SOURCE INFORMATION Block Start

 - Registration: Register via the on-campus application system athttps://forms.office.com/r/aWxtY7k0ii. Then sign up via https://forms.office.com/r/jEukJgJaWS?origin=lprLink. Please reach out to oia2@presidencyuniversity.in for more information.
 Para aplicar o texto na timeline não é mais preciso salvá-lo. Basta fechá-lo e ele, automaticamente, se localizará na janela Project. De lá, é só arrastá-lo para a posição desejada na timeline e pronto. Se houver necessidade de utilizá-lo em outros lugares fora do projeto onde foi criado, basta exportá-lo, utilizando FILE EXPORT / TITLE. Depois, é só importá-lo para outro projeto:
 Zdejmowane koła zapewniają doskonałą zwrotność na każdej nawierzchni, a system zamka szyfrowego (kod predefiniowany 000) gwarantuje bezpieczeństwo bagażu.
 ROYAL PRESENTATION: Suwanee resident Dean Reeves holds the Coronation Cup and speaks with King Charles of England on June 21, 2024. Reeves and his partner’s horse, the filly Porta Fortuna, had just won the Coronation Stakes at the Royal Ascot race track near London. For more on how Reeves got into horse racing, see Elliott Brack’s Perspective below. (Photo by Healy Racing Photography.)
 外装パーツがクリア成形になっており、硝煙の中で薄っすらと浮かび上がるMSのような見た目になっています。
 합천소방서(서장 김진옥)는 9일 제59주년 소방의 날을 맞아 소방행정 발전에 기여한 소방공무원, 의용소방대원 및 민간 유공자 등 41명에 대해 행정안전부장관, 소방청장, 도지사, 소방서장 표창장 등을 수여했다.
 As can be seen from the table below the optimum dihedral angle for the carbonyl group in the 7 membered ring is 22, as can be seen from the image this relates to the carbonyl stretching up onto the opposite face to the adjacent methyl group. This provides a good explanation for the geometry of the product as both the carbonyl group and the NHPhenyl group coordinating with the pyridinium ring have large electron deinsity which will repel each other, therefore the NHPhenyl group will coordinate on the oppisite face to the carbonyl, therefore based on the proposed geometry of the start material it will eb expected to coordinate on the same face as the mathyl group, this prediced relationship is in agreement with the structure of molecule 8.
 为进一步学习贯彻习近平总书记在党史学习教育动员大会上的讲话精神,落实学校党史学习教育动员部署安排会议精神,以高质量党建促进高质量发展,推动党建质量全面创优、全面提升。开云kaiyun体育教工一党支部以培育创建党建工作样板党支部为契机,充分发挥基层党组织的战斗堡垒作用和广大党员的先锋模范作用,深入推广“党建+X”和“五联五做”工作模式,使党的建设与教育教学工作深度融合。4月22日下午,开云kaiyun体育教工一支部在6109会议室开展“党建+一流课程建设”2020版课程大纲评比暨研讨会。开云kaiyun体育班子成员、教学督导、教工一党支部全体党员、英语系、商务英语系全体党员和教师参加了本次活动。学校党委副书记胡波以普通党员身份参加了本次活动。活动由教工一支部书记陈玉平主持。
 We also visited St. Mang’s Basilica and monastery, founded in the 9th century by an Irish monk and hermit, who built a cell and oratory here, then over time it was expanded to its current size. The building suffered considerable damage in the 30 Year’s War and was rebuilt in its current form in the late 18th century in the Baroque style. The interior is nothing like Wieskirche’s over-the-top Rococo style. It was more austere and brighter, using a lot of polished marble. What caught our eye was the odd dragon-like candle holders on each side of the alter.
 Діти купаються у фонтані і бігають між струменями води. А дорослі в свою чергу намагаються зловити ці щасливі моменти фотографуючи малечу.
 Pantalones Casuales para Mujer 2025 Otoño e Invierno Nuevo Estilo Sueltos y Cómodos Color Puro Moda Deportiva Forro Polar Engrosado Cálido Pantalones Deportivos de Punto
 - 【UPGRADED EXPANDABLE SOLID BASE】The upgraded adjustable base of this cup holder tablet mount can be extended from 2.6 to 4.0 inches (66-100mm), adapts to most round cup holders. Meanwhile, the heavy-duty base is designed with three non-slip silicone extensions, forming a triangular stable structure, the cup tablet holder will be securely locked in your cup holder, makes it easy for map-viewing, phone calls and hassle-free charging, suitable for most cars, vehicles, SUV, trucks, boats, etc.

SOURCE INFORMATION Block End

WHAT YOU HAVE TO DO: Each line from the one that holds "Pantalones Casuales para" to the end of the records above should be transcribed exactly, both ends included.

SOLVED PROBLEM:
 Pantalones Casuales para Mujer 2025 Otoño e Invierno Nuevo Estilo Sueltos y Cómodos Color Puro Moda Deportiva Forro Polar Engrosado Cálido Pantalones Deportivos de Punto
 - 【UPGRADED EXPANDABLE SOLID BASE】The upgraded adjustable base of this cup holder tablet mount can be extended from 2.6 to 4.0 inches (66-100mm), adapts to most round cup holders. Meanwhile, the heavy-duty base is designed with three non-slip silicone extensions, forming a triangular stable structure, the cup tablet holder will be securely locked in your cup holder, makes it easy for map-viewing, phone calls and hassle-free charging, suitable for most cars, vehicles, SUV, trucks, boats, etc.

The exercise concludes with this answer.